Indian film director (1966–2021)

Karimanal Venkatesan Anand ISC (30 October 1966 – 30 April 2021) was an Indian cinematographer, film director and photojournalist, worked mainly in the Tamil film industry. After a short period as a photojournalist, he became a cinematographer in the early 1990s, working on about fifteen films in the Southern and Hindi cinema industries. Anand won the National Film Award for Best Cinematography for his debut film as a cinematographer, Thenmavin Kombath. In 2005, Anand turned director with Kana Kandaen, and prioritised direction henceforth. He was a founding member of the Indian Society of Cinematographers (ISC).

== Early life ==
Anand was born in Chennai, in the state of Tamil Nadu in India on 30 October 1966. His childhood days were spent in Pulicat. He graduated with a bachelor's degree in Physics from DG Vaishnav College in June 1986, followed by a master's degree in Visual Communications from Loyola College, Chennai. During his college days Anand participated in annual trekking expeditions in the Himalayas. His exploratory trips to various remote locations in India triggered his passion for photography. Anand participated in inter-collegiate, state and national level photography contests. His visual images earned him numerous photography awards.

==Career==

=== Photo journalist (1988–1992) ===
Anand worked as a freelance photo journalist for leading newspapers and magazines such as Kalki, India Today, Illustrated Weekly and Aside. Within a short period of time, his photos were published in more than 200 magazine covers and had taken photos of 10 Chief Ministers in close quarters. Anand continued to freelance in industrial photography, advertisements and cover pages for fictional Tamil novels.

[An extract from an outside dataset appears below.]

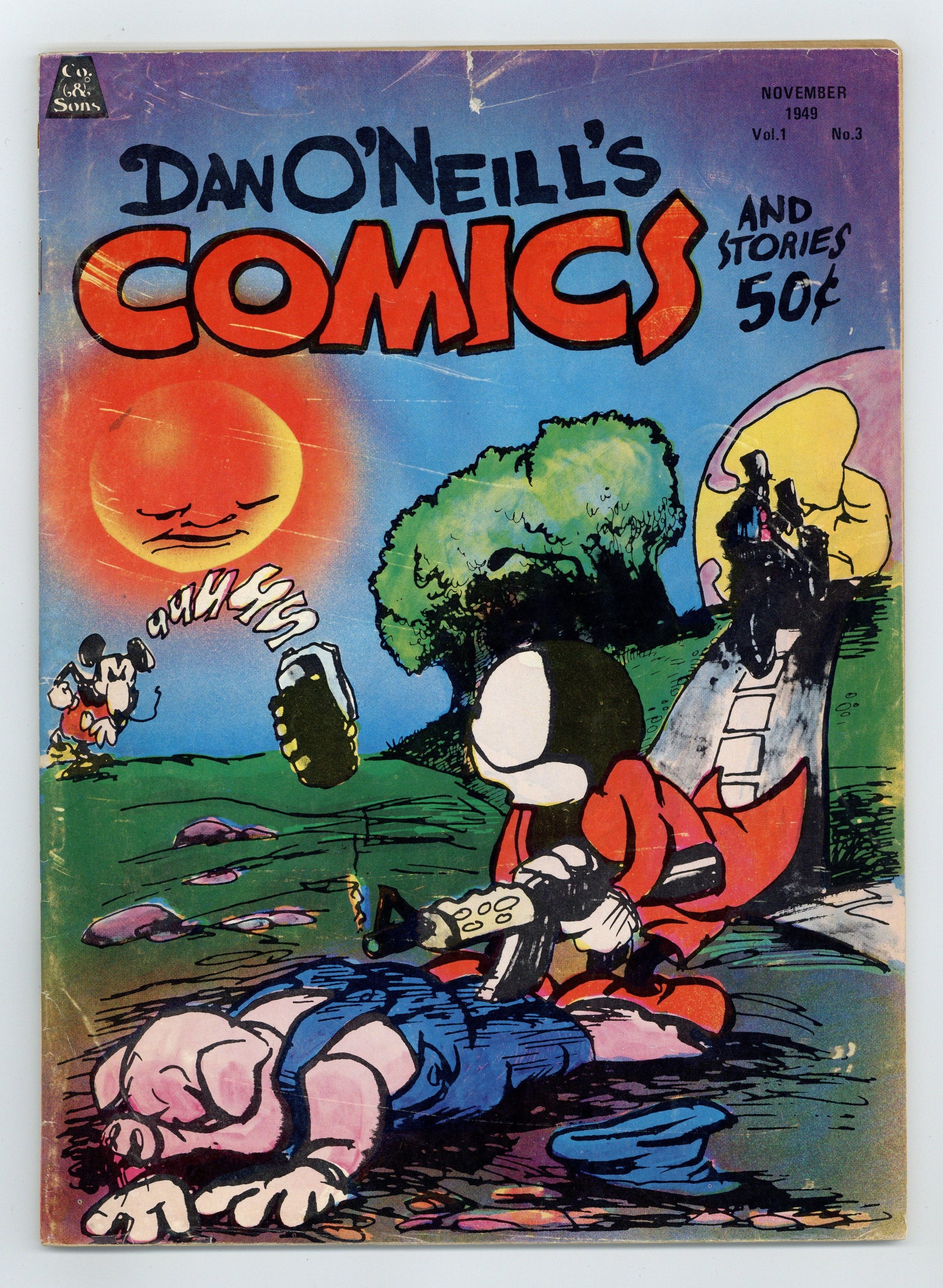 Published 1971 by Comics and Comix Co..$17.50Volume 1, Issue 3 "November, 1949" Story, Art and Cover by Dan O'Neill. Dan O'Neill's scathing satire of political and religious themes using parodied versions of Disney characters and his most famous creations Hugh and Fred earned the ire and outrage of the public and editors alike with his syndicated news paper strip "Odd Bodkins", and eventually led to the loss of his syndication, and job! See what happens when he really lets loose in "Dan O'Neill's Comics"! 7-in. x 10-in., B&W. NOTE: Dates on the cover are used to aid in a parody manner. These issues were published in 1971. Cover price $0.50.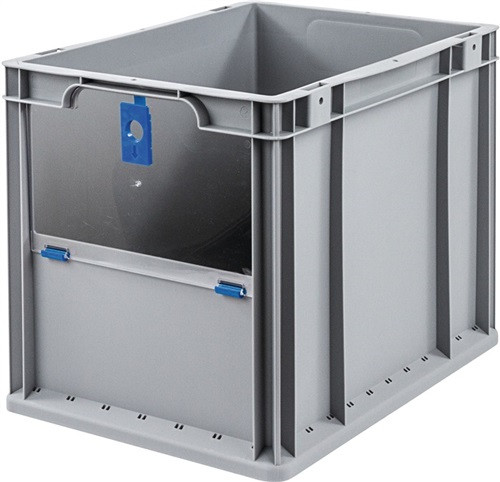 grau · formstabiles Polypropylen · rippenverstärkte Wände · abgestimmt auf Europaletten-Maße · selbstzentrierender, umlaufender Stapelrand · optimale Reinigung durch glatte Innenwände · widerstandsfähig gegen die meisten Säuren und Öle · Temperaturbeständig von -10 °C bis +60 °C · geschlossene Wände · frontseitige Entnahmeöffnung · Klappscheibe · Schiebeverschluss · Weitere technische Eigenschaften Seitenwände: geschlossen • Innenhöhe: 315mm • Innenlänge: 365mm • Innenbreite: 265mm

=== Cinematographer (1994–2007) ===
Anand met cinematographer P. C. Sreeram and expressed his interest to work for him as an assistant. He joined him, serving as an apprentice for Sreeram's film such as Gopura Vasalile, Amaran, Meera, Thevar Magan and Thiruda Thiruda. He had initially joined as the sixth assistant to Sreeram when Jeeva, another prominent figure in cinematography was the first assistant to Sreeram. When director Priyadarshan had approached P. C. Sreeram to work on his Malayalam film, Thenmavin Kombath (1994), he was unavailable and thus recommended Anand to be given the opportunity. The film received positive reviews and Anand won the National Film Award for Best Cinematography for his debut venture, with the award committee noting he showed "outstanding cinematography executed with sincerity, imagination and flexibility". Anand's first Tamil film was the romantic drama Kadhal Desam (1996), which also won critical acclaim for showcasing Chennai in a futuristic mould. He also then teamed up with director Shankar for the production of the political thriller Mudhalvan (1999), winning appreciation for his experimental camera ramping and the general grandeur.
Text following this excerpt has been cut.